Robert Welch who founded the once formidable anti-communist lobby
the John Birch Society, comes in for much condemnation as an individual who
revived the Illuminati conspiracy theory after World War II to explain
communism. Porter quotes from Welch’s booklet The Truth In Time, yet
again we find that according to the Bibliography, not only has Porter apparently
not even read The Truth In Time, but the only book she records there by
Welch is The Blue Book of the JBS, the founding document which does not
even deal with conspiracy themes. .
Others brought together into a ‘conspiracist’ conspiracy of Porter’s
imagination include KKK, Pat Robertson, the evangelist; , the Militias, UFOlogy,
along with Webster, McCarthy, Ford, Welch, Robison et al.
Porter seems to be correct in stating that conspiracy theories on the Eye
and Triangle/Pyramid being the symbol of the Illuminati are not correct,
despite the widespread belief among ‘conspiracists’. Yet she goes too far in
attempting to ridicule the other major ‘conspiracist’ contention regarding the
symbol, i.e. that it is incorporated into eh Great Seal of the USA as a Masonic
contrivance.
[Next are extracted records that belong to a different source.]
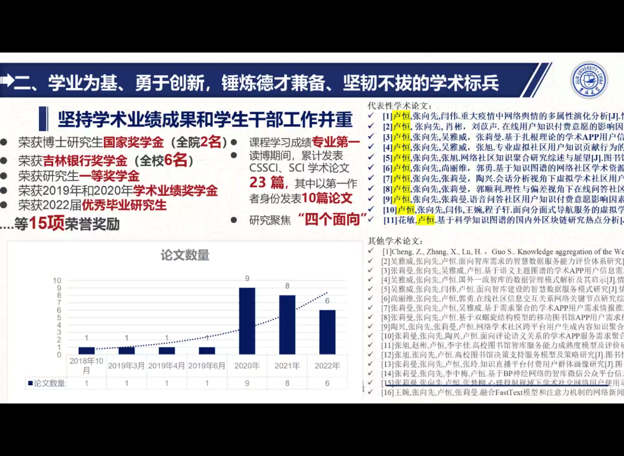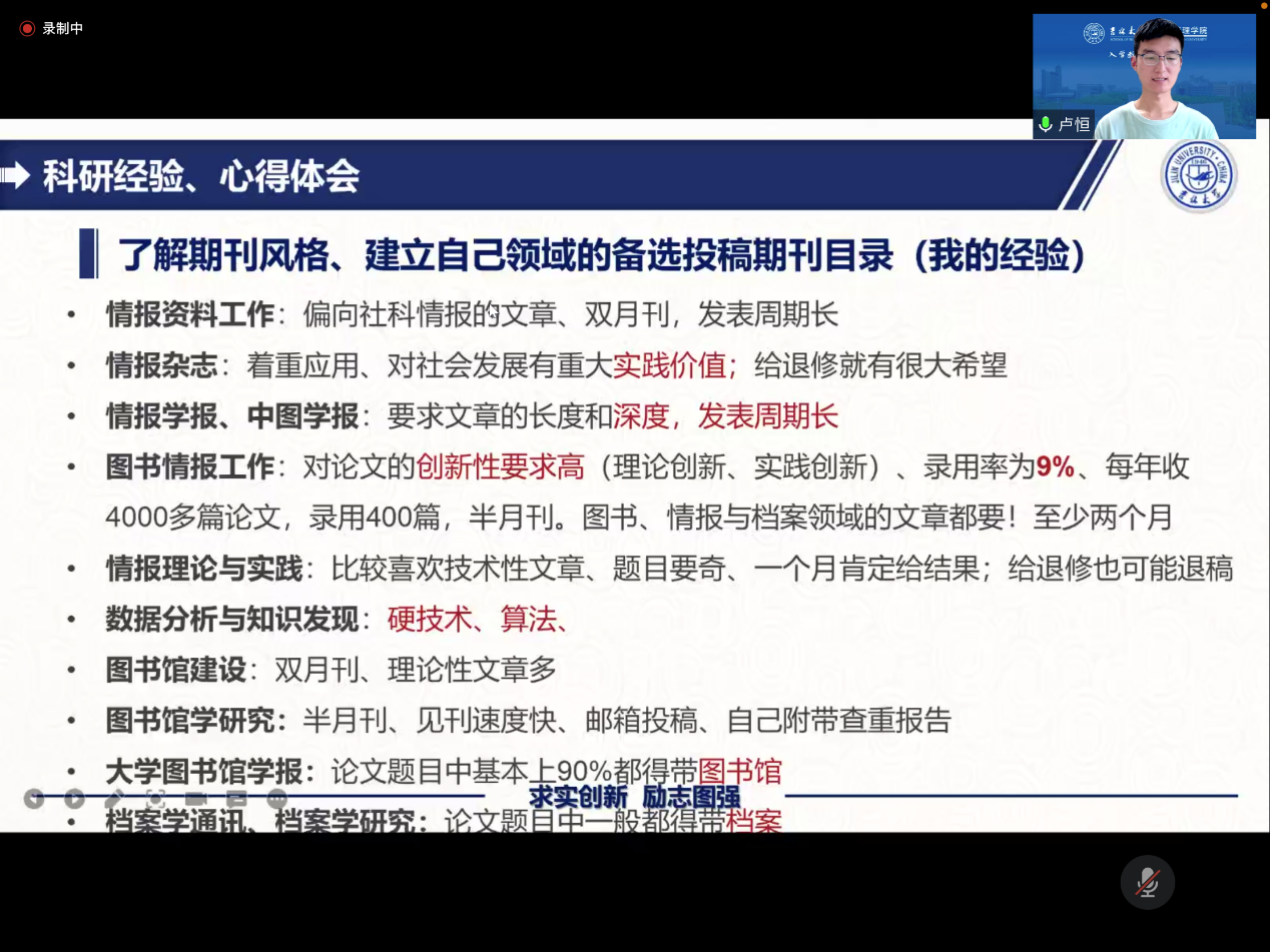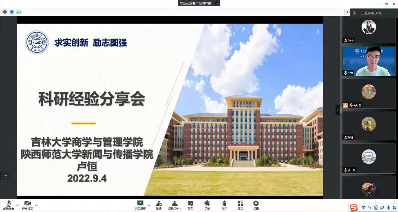 为了让同学们了解如何进行学术研究,营造一个学术氛围浓厚的环境,9月4日,公司邀请了2022级优秀博士毕业生卢恒,于线上开展tyc41183太阳成十佳博士研究生学习经验分享会,向同学们分享自身的科研经验与心得体会。会议由裴月莹老师主持,tyc41183太阳成全体新生参会。
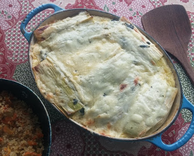I go into some detail about how to prepare the leeks, but once you have it down, making stuffed leeks is about the same level of difficulty as making a lasagne, and the dishes take a similar amount of time to do. You could do this into the winter with frozen spinach, which would have to be thawed in advance but would probably cut almost 15 minutes from the prep time.
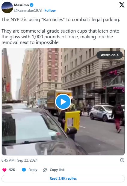 Sharing is Caring! The NYPD is using “Barnacles” to combat illegal parking. They are commercial-grade suction cups that latch onto the glass with 1,000 pounds of force, making forcible removal next
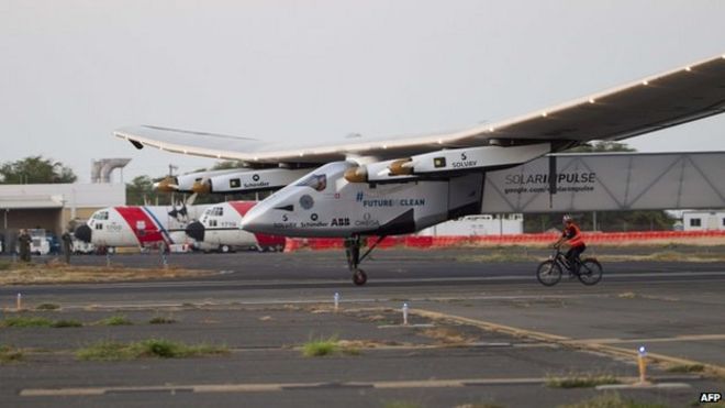 [image https://cdn2.vox-cdn.com/thumbor/cZLkelktycB2pBCvP3M20SUHfrM=/0x0:6000x4000/640x427/cdn0.vox-cdn.com/uploads/chorus_image/image/46715202/2014_08_28_8thFlight_revillard_55.0.0.jpg (Solar Impulse 2) ] Solar Impulse 2 is taking an breather after its record-breaking 117-hour, 52-minute flight from Japan to Hawaii last week that crushed the record for longest solo flight. The solar-powered aircraft sustained major damage to its batteries during the latest leg of its round-the-world voyage, according to a press release, and it will be two to three weeks before the aircraft flies again. Crews monitoring the aircraft during its flight from Nagoya to Hawaii noticed the overheating batteries during the plane's first ascent of the five-day journey. Unfortunately, the team was unable to reduce temperatures due to the cyclic nature of Solar Impulse's flights. Every day, the aircraft ascends to 28,000 feet and gathers energy before gliding back down towards Earth at night. The team believes that the overheating was due to excess insulation in the battery compartment. ""Damage to certain parts of the batteries is irreversible."" In a press release, the team says that "the damage to certain parts of the batteries is irreversible," adding that they'll need to obtain new parts and perform repairs that "will take several weeks to work through." Thankfully, alongside the repairs, engineers will be looking at how to better design the battery compartment to prevent a similar issue from occurring in the future during long flights. Solar Impulse co-founder and CEO André Borschberg piloted the plane on the record-breaking leg, but he won't be flying once the aircraft is back in action. His partner in this journey, Bertrand Piccard, will take the reins for the next flight, which is set to land in Phoenix, Arizona. After that, Solar Impulse will take a couple more stops in the US before hopping across the Atlantic and finally returning to Abu Dhabi, where this round-the-world trip first started in March. [© 2015 Vox Media] ... http://gizmodo.com/solar-impulse-fried-its-batteries-on-historic-five-day-1717220101 Solar Impulse Fried its Batteries on Historic Five Day Flight Maddie Stone 7/11/15 [image http://i.kinja-img.com/gawker-media/image/upload/s--Z0Efa0CQ--/c_fit,fl_progressive,q_80,w_636/1336193513331054407.jpg ] ... http://www.bbc.com/news/science-environment-33494123 Solar Impulse grounded for 2-3 weeks By Jonathan Amos [image http://ichef-1.bbci.co.uk/news/660/cpsprodpb/8F53/production/_84219663_028011105.jpg ] http://www.thedailystar.net/science/solar-impulse-plane-closes-hawaii-landing-107053 Solar Impulse plane closes in on Hawaii landing July 03, 2015 / BBC Online [image / BBC http://www.thedailystar.net/sites/default/files/styles/big_4/public/feature/images/solar.jpg Andre Borschberg has had to deal with quite a bit of turbulence in his lightweight plane http://www.thedailystar.net/sites/default/files/styles/big_4/public/news/images/solar_2.jpg The top surfaces of the aeroplane are covered in solar cells ] Andre Borschberg is into the final hours of his historic solar-powered flight across the Pacific. The Swiss adventurer is due to land at Kalaeloa, Hawaii, around 06:00 local time (1600 GMT; 17:00 BST) after an epic five-day trip from Japan. His Solar Impulse aeroplane has covered 8,000km this week, in what was always going to be the toughest leg in the quest to fly around the world. Wind conditions will determine the precise moment Borschberg puts down. His very lightweight vehicle, with its huge, 72m wingspan, needs calm air. And the pilot will be instructed to circle in front of Kalaeloa airport until meteorologists give him the all clear. There to meet Borschberg on the ground will be his partner on the Solar Impulse project, Bertrand Piccard. The pair have shared the flying duties in the single-seater plane's global effort, which began in Abu Dhabi, UAE, back in March. It is Piccard who will fly the next leg from Kalaeloa to Phoenix, Arizona. That is not quite as far as the current stint, but it still likely to take four days and nights. From Phoenix, Solar Impulse will head for New York and an Atlantic crossing that would eventually see the plane return to Abu Dhabi. But the Solar Impulse ground crew will need a few days first in Kalaeloa to check over the aircraft, before meteorologists once again take on the tricky task of finding a flight window. Getting from China to Hawaii proved more problematic than anyone could have imagined. The project was stuck in Nanjing for five weeks before the first attempt to cross the ocean was made. This had to be aborted because of a sudden deterioration in the weather, and the plane was diverted to Nagoya. One further attempt was then abandoned moments from take-off, before Solar Impulse finally got a clear run out of Japan on Monday. Even so, Borschberg had to cross two cold fronts and endure some uncomfortable turbulence. That bumpiness disrupted his already truncated sleep opportunities. Over the course of the past week, the pilot has been permitted only 20-minute catnaps. The journey from Nagoya to Kalaeloa smashes the absolute distance and duration world records for manned solar-powered aeroplanes - records that Solar Impulse itself set on earlier flights. In terms of general aviation, the big record broken on this flight is the 2006 mark established by the American adventurer Steve Fossett for the longest duration solo flight in an un-refuelled plane. Fossett set this record in a jet-powered plane, the Virgin GlobalFlyer. Borschberg bettered it when he went through 76 hours in the air. And if he lands at the expected time of 06:00, he will raise the mark still further to 118 hours. Borschberg and Piccard have used the various stopovers on their round-the-world journey to carry a campaigning message to local people on the topic of clean technologies. Their Solar Impulse plane is not intended to be a vision of the future of aviation. Rather, it i
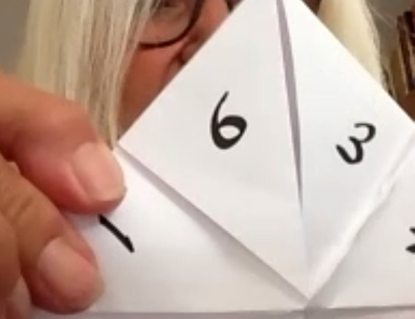 Brooke told us this was called a ‘chatterbox’. I looked up how-to-make-one on Wikipedia and found out it is also called a ‘fortune teller’, ‘salt cellar’,‘ whirlybird’, or ‘paku-paku’.
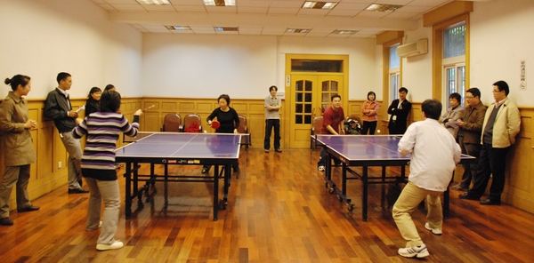 10月26日下午2点,由国务学院工会主办的天天看小说 /国际问题研究院(简称两院)第一届乒乓球团体对抗赛在校工会乒乓房顺利举行。国务学院陈玉刚、刘建军、陈超群、李春成、王竞晗、庄海红六位教师及研究院张家栋、魏全平、宋国友、朱芹、华莉五位教师作为运动员参与了比赛,国务学院党委书记沈兰芳老师和工会主席包霞琴老师到场观看了比赛,比赛还吸引了两院的众多教职工前往观看,现场气氛既友好又热烈。

She mentions that the symbol is depicted on the US Dollar Bill due
to the influence of Roosevelt’s Secretary of Agriculture, Henry Wallace. Yet she
seems oblivious as to both Wallace and Roosevelt being 32nd Degree Masons,
both of whom saw great significance in the Masonic symbolism of the Great
Seal. Wallace referred to the Masonic doctrine of the completion of the pyramid
as placing the USA in a mission to lead in establishing a ‘New Order of the
Ages’, the slogan of the US Great Seal, and one used with frequency by both
presidents Bush. As for the Eye and Triangle, although not apparently being
Illuminati per se, it is an important Masonic symbol, prominently depicted by
the Grand Orient of France for e.g., and adorning the Declaration of the
Rights of Man and the Citizen, by the French Revolutionaries, along with
other occult, Masonic symbols (see Bolton, From Knights Templar…, op.cit.).
It is also significant that the Eye and Pyramid adorn the Israeli Supreme
Court in Jerusalem, and that the whole building is replete with Masonic
symbolism. The building was funded by the Rothschilds and a plaque, also with
an eye and pyramid sign, commemorates their contribution.
If the neglect of Burnett to mention Dr Sutton’s booklets on Lodge 322 is
a bad oversight, then Porter’s neglect is outright poor scholarship, and that’s to
err on the side of charity. For a book that purports to trace theories on the
Illuminati not to mention Sutton’s research, even for the ;purposes of scorn, is
unforgivable; especially his final booklet in the series, The Secret Cult of the
Order, which was specifically written to show the link between the Illuminati
and Lodge 322.
However, Porter does reserve praise for Robert Anton Wilson and Robert
Shea, whose 1970s Illuminatus Trilogy lampoons Illuminati and other
conspiracy theories. Ironically what Porter does not mention is that Wilson is an
avid and well known admirer of and advocate for British occultist and Mason A
leister Crowley, who took over leadership of the Ordo Templi Orientis (OTO)
from the well-connected German spy Theodor Reuss. Reuss himself claimed to
have re-established the Illuminati on the basis of family connections. Crowley
claimed Illuminati founder Weishaupt, as a “saint” (sic) for his OTO. Hence we
come to something of a cycle in which we find Porter lauding Wilson who is an
apologist for occultist who claimed the mantle of Weishaupt himself.